Work order: The reply should hold every line of the listing exactly, and none of its images.

Data block:
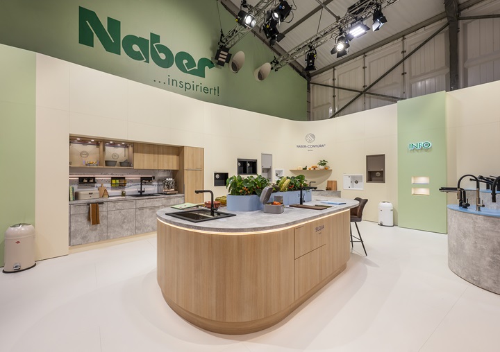 Neben SILQUA vergrößern hochwertige Composite-Einbauspülen das NABER-CONTURA® Sortiment. Diese robuste Materialart mit samtiger Oberfläche ist besonders für Kochendwasser-Armaturen geeignet. Na ber hat unterschiedlich große Modelle neu im Programm, die sich zum Teil auch für den flächenbündigen Einbau eignen. Wie SILQUA sind ei nige davon in faszinierenden neuen Farben erhältlich, darunter mar moriertes Weiß und schimmerndes Braun. Unterbau-Einbauspülen, die den pflegeleichten Composite Werkstoff auf eine charmant zurückhaltende Art neu in Szene setzen, hatten auf der Messe ebenfalls Premiere.
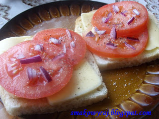 Kanapki upieczone w tosterze, z serem, pomidorkiem i czerwoną cebulą z prawdopodobnie najlepszych tostów na świecie, bo z samych naturalnych składników- wyprodukował je dla mnie mój teść, stąd ta pewność :)
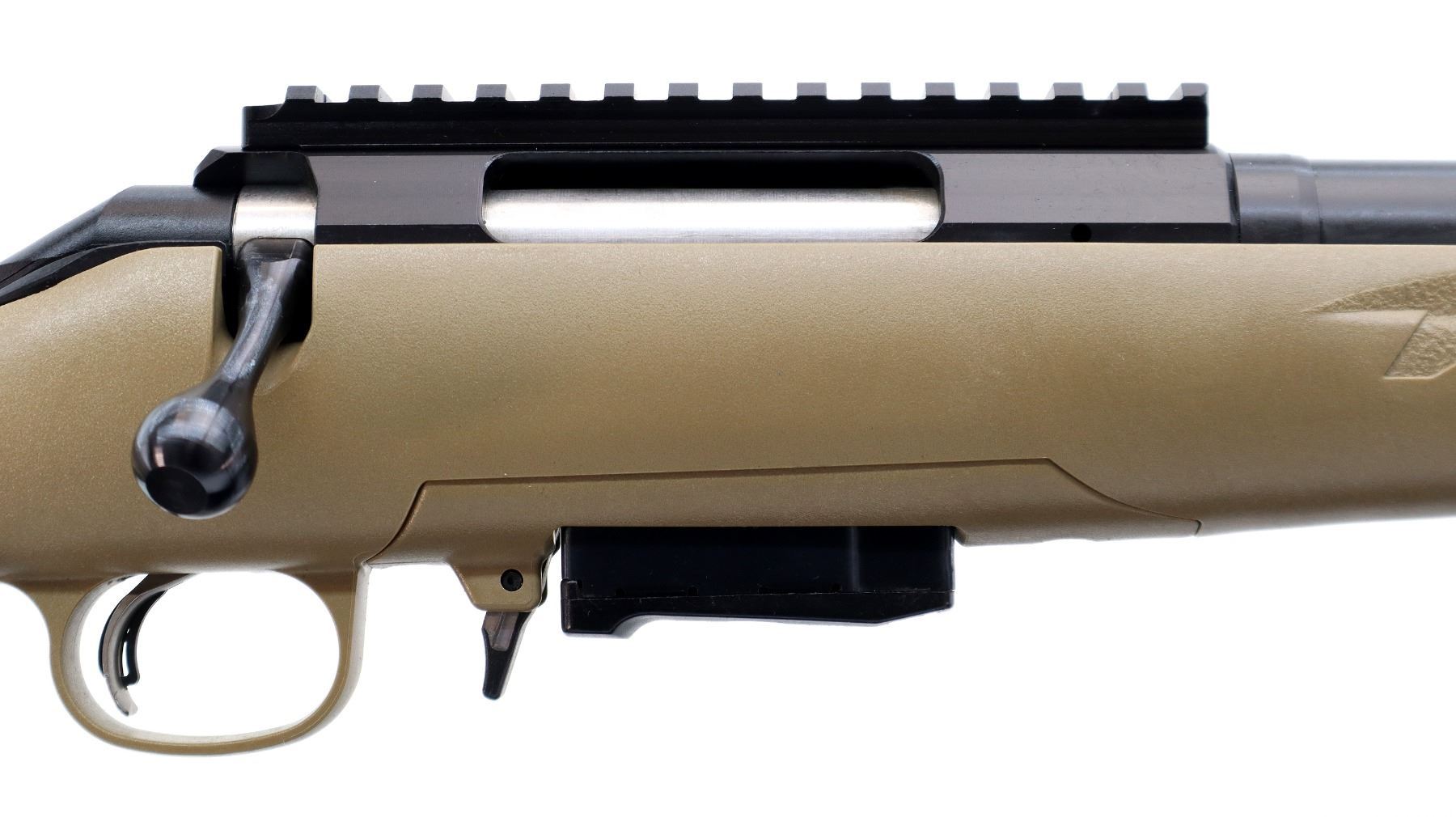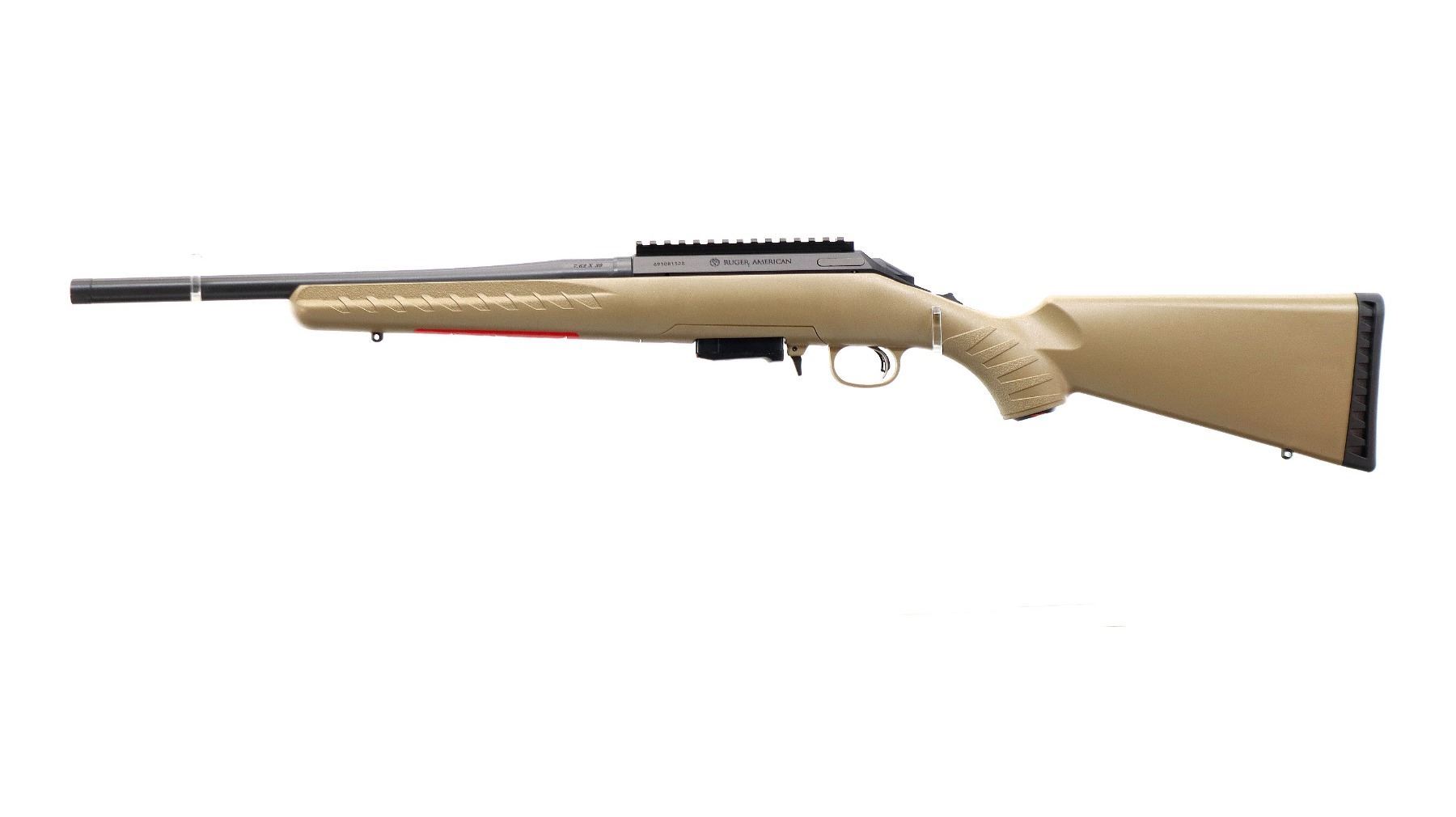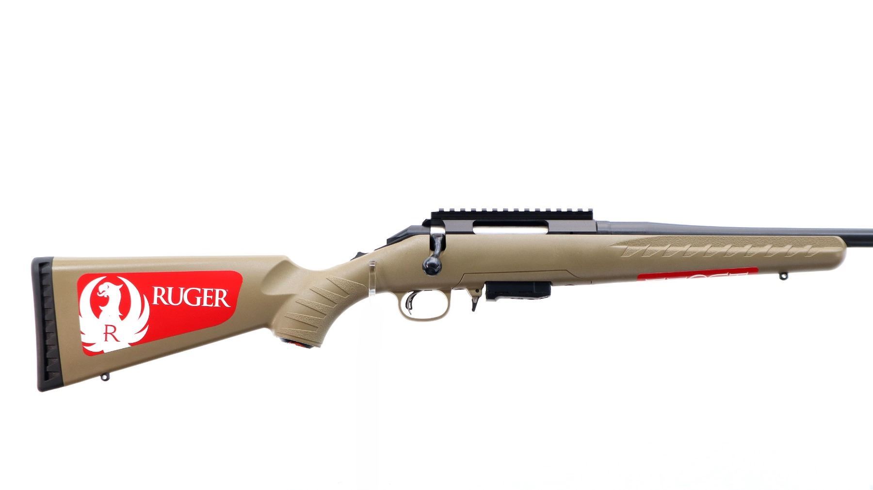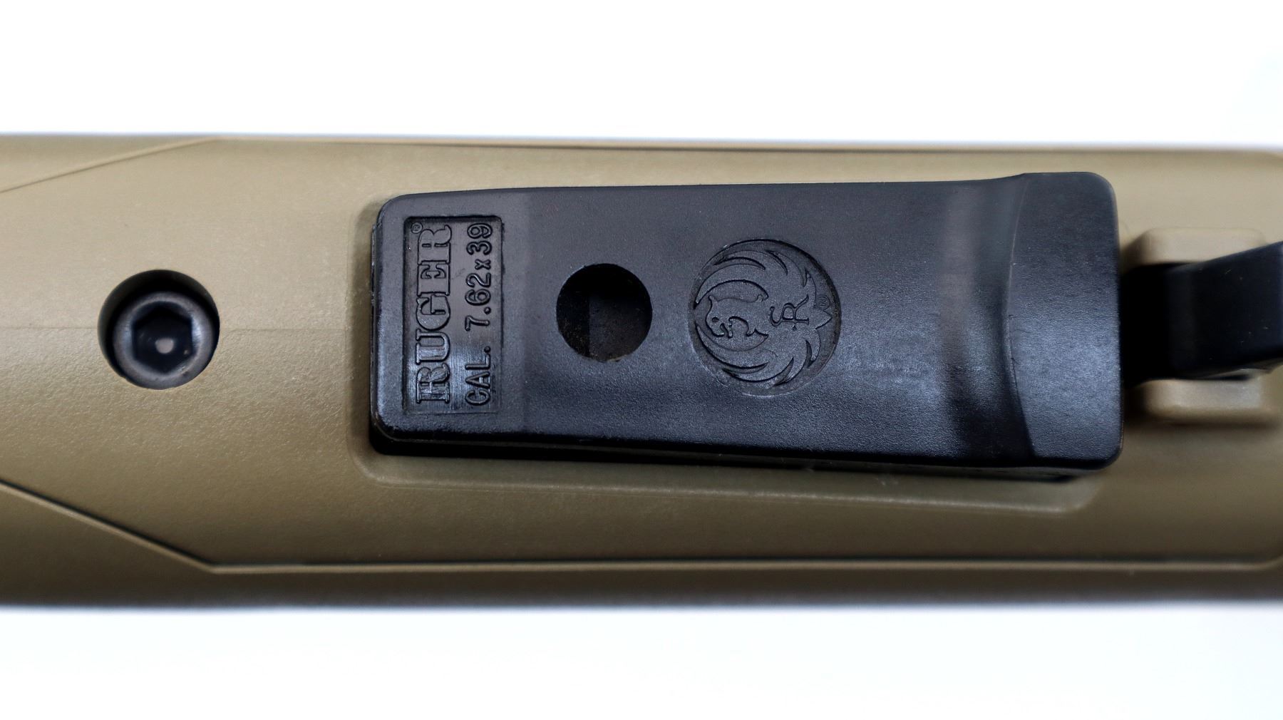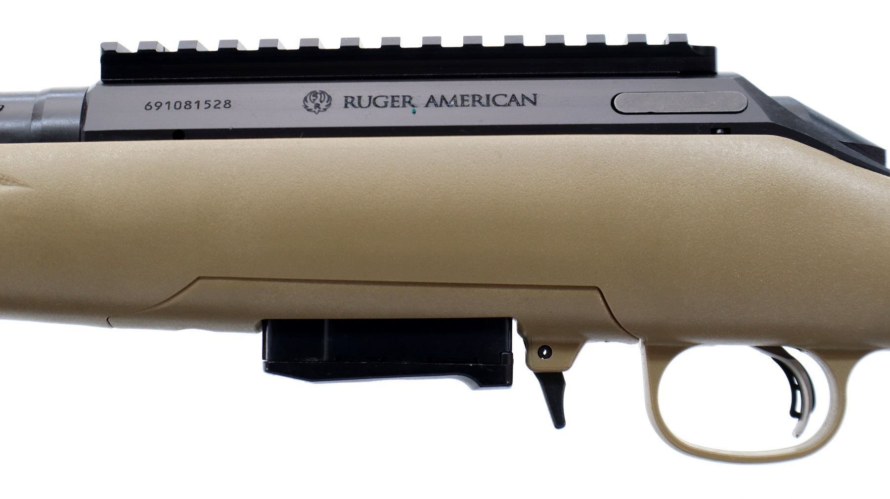 Main Description: No sights, Parkerized metal finish, threaded muzzle with cap, receiver drilled and tapped with one piece scope base installed, smooth bolt knob, tang safety, uses Ruger Mini 30 Magazines. One piece FDE synthetic stock, textured forearm and pistol grip panels, black rubber recoil pad, grip cap, extended mag release, swivel studs, retains factory stickers

Result of this exercise:
 Neben SILQUA vergrößern hochwertige Composite-Einbauspülen das NABER-CONTURA® Sortiment. Diese robuste Materialart mit samtiger Oberfläche ist besonders für Kochendwasser-Armaturen geeignet. Na ber hat unterschiedlich große Modelle neu im Programm, die sich zum Teil auch für den flächenbündigen Einbau eignen. Wie SILQUA sind ei nige davon in faszinierenden neuen Farben erhältlich, darunter mar moriertes Weiß und schimmerndes Braun. Unterbau-Einbauspülen, die den pflegeleichten Composite Werkstoff auf eine charmant zurückhaltende Art neu in Szene setzen, hatten auf der Messe ebenfalls Premiere.
 Kanapki upieczone w tosterze, z serem, pomidorkiem i czerwoną cebulą z prawdopodobnie najlepszych tostów na świecie, bo z samych naturalnych składników- wyprodukował je dla mnie mój teść, stąd ta pewność :)
 Main Description: No sights, Parkerized metal finish, threaded muzzle with cap, receiver drilled and tapped with one piece scope base installed, smooth bolt knob, tang safety, uses Ruger Mini 30 Magazines. One piece FDE synthetic stock, textured forearm and pistol grip panels, black rubber recoil pad, grip cap, extended mag release, swivel studs, retains factory stickers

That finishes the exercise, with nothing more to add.